In a roundtrip of 40 hours from base camp and back, Jozef “Dodo” Kopold made an audacious first ascent, solo, of the central pillar on the east face of Annapurna South. His route, completed in early April, tops out more or less at the ca 7,100m north summit, which was previously unvisited. From there he traversed the ridge southwest to the 7,219m main summit, returned to a low point on the crest where the 1964 Japanese Route—the original route on the mountain—emerges, and went straight down the southeast face through seracs, deep snow, and hidden crevasses. During the ascent he overcame difficulties of F5+ WI6 M5. His account appears earlier in the Journal.
There had been only two known previous attempts on this pillar. Sometime in the mid- 1980s three Japanese got part way up the route on an unauthorized attempt, before disappearing. Locals later discovered their tent below the face, but not their bodies.

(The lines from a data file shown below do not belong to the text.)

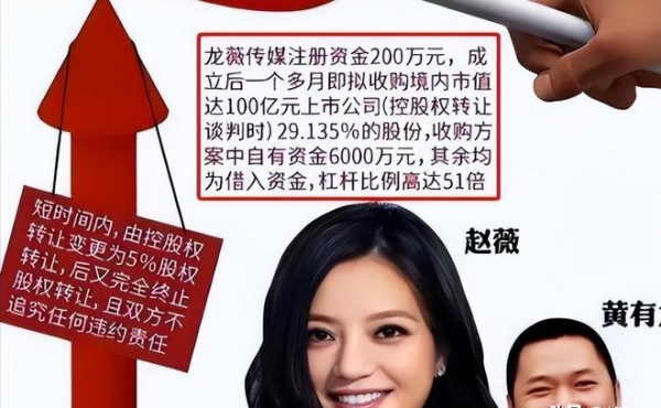 2016年,赵薇企图用注册资本仅200万的龙薇传媒收购万家文化29.13%,收购资金30.6亿元,其中只有6000万是自有的,其他全靠借贷。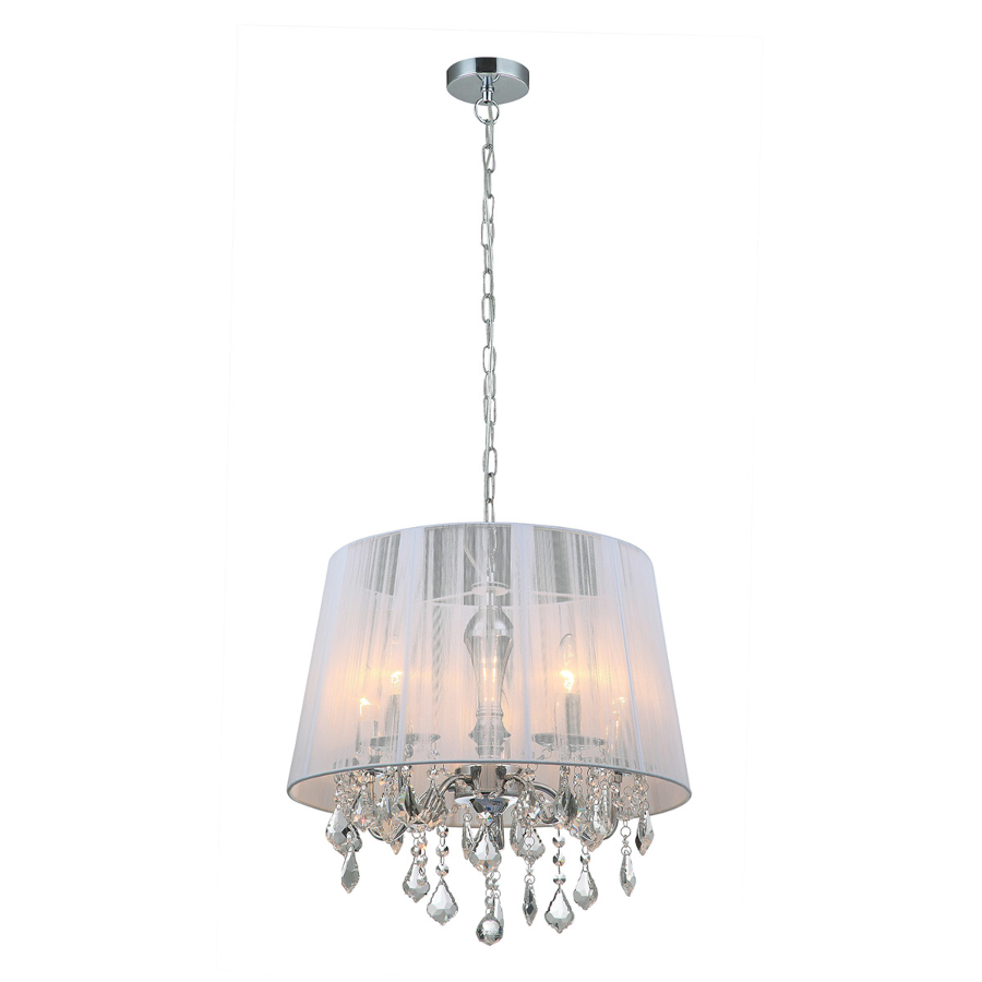 CORNELIA MDM-2572/5 W to lampa wisząca z pięcioma źródłami światła. Zawiesie lampy wykonano z wysokiej jakości metalu w kolorze chromowym. Abażur jest z białej prześwitującej tkaniny. Dodatkowo lampa ozdobiona jest zwisającymi kryształkami. Oprawa będzie idealnym wyborem do wnętrz urządzonych w stylu nowoczesnym oraz minimalistycznym. Doskonale będzie się prezentować w: salonie, jadalni, sypialni, pokoju młodzieżowym, gabinecie, lokalu, biurze, kuchni. Dużym atutem jest możliwość regulacji wysokości. Wysokość maksymalna lampy to: 110 cm, średnica 45 cm. Źródłem światła jest żarówka typu E14 o mocy max 40W w ilości 5 szt.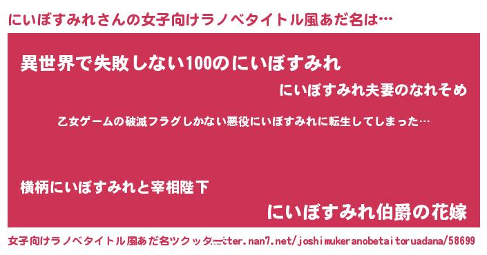 | 意味不明あだ名 | 『住所不定無職にいぼすみれ(62歳)』 |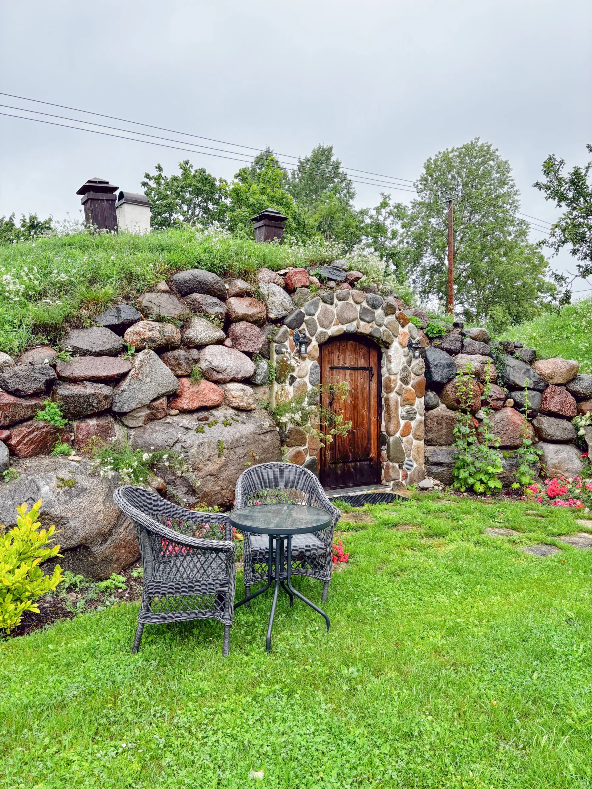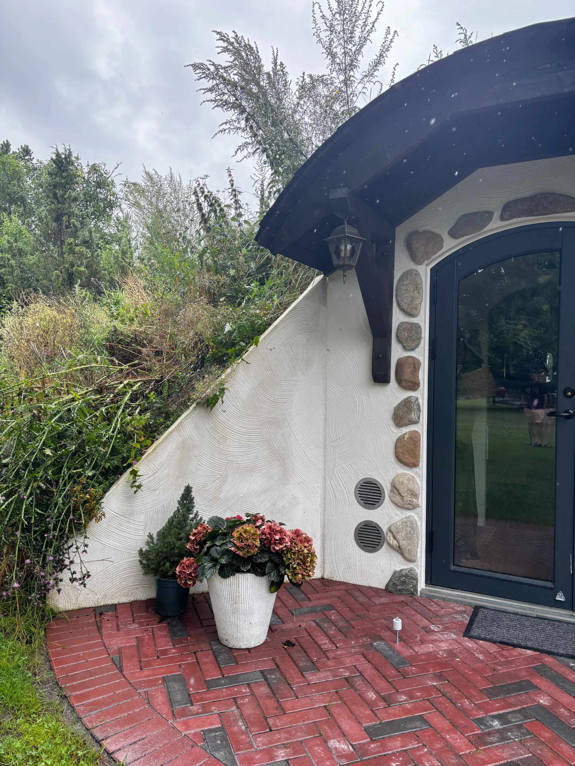 Aluksi voi tuntua hieman oudolta, että puutarhamaja on peitetty maalla. Tämä on kuitenkin iso plussa, mikä tekee rakennuksesta erittäin energiatehokkaan.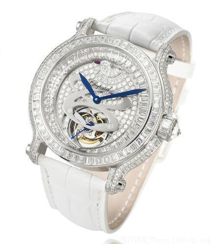 萧邦表极尽奢华,装饰性极强,但也不乏有外型出众的表款。其中Happy Sport首饰表是钻石和蓝宝石的美好组合谱出梦境倚丽的狂想曲,曾经成为首饰表的经典之作。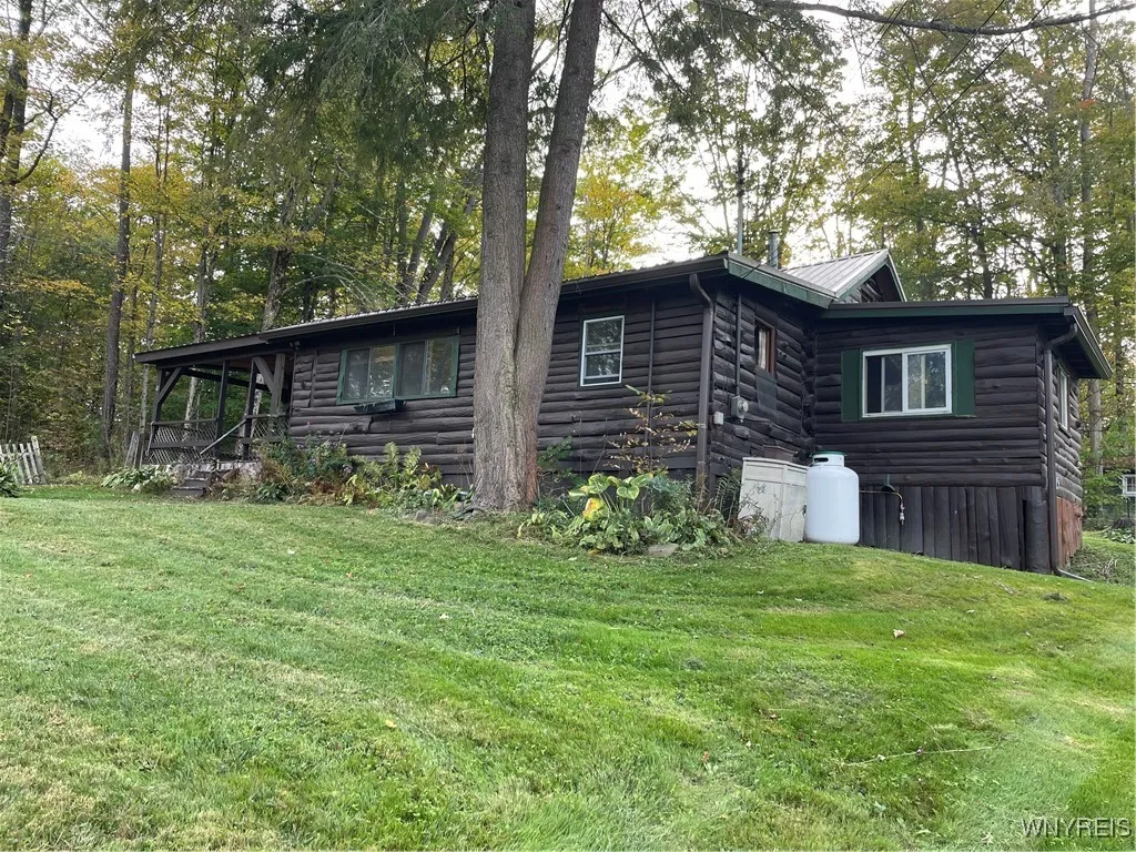 Welcome to Java Lake. One of the original Log Cabins at the lake with a large lot just under an acre. This One bedroom One bath features a Large great room with a stone fireplace. This home features a breakfast bar and plenty of storage space. On the property there are two outbuildings and plenty of room for a garden or other outdoor activities. Go for a swim on the beach, or fishing, boating ( no motors) or a hike in the woods. Plenty of parking spots for guests or family .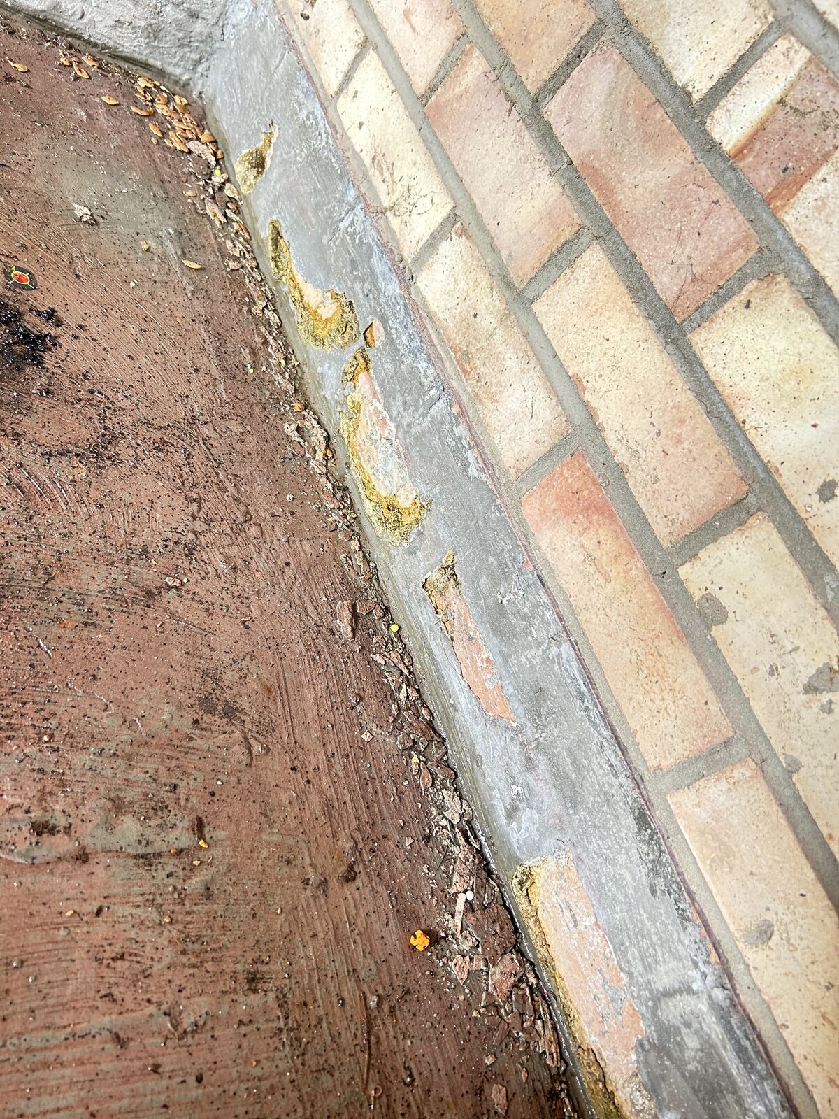 The old owner clearly tried to apply tanking material to the first two courses of brick work but this has cracked and fallen off over last two years. Not sure if this was a good idea or not.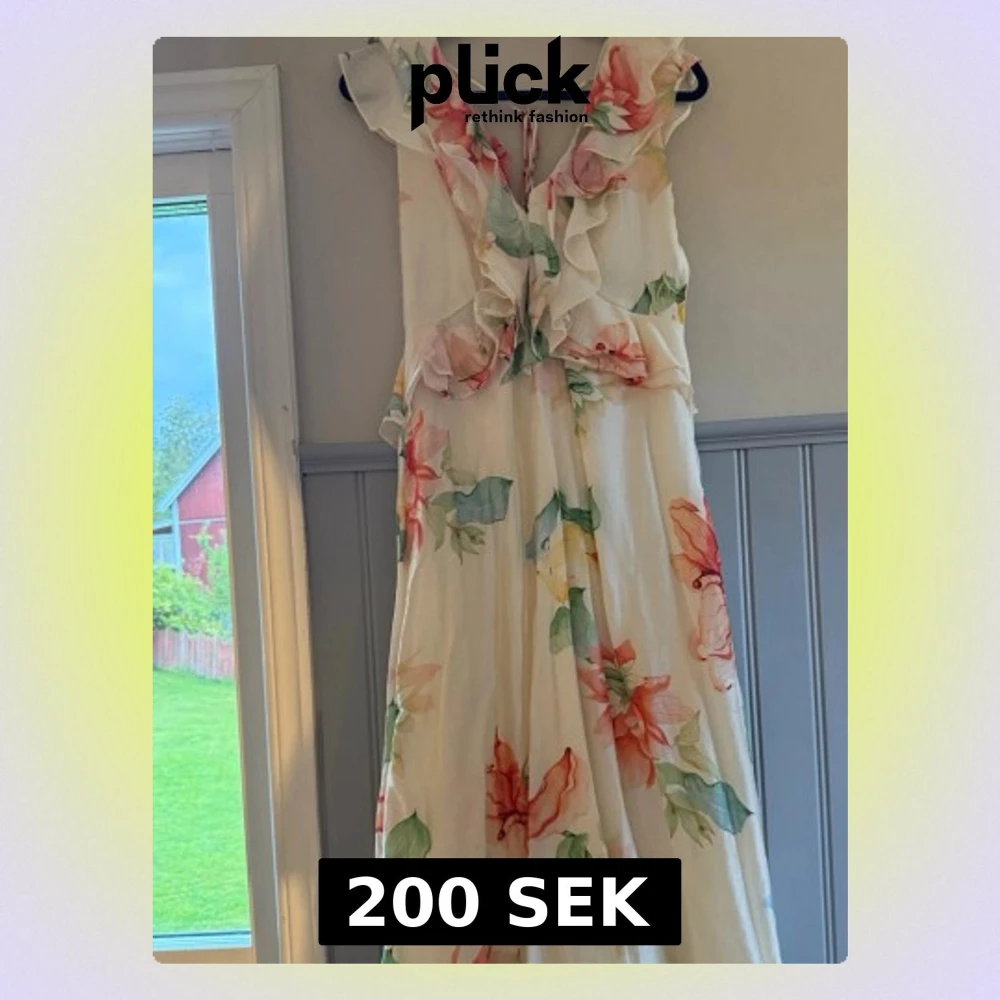Superfin långklänning i ljus bas med stora blommor i grönt, rött och orange. Klänningen har volangdetaljer vid axlar och byst, v-ringning och knyt i ryggen. Perfekt för sommarens alla tillfällen. Materialet känns lätt och luftigt. Använd fåtal gånger❤️🔥

This event was unknown to a six-man British team before its arrival in the Annapurna Sanctuary in the spring of 1989. Members of this group reached just over half-height on the pillar but were dogged by poor weather, poor climbing conditions, and illness. However, they were surprised to find a Japanese bolt at 6,000m while dry tooling around a steep bulge on one of the central rock bands. The British team thought the upper section of the pillar looked extremely hard, with very steep fluted terrain capped by a difficult rock band.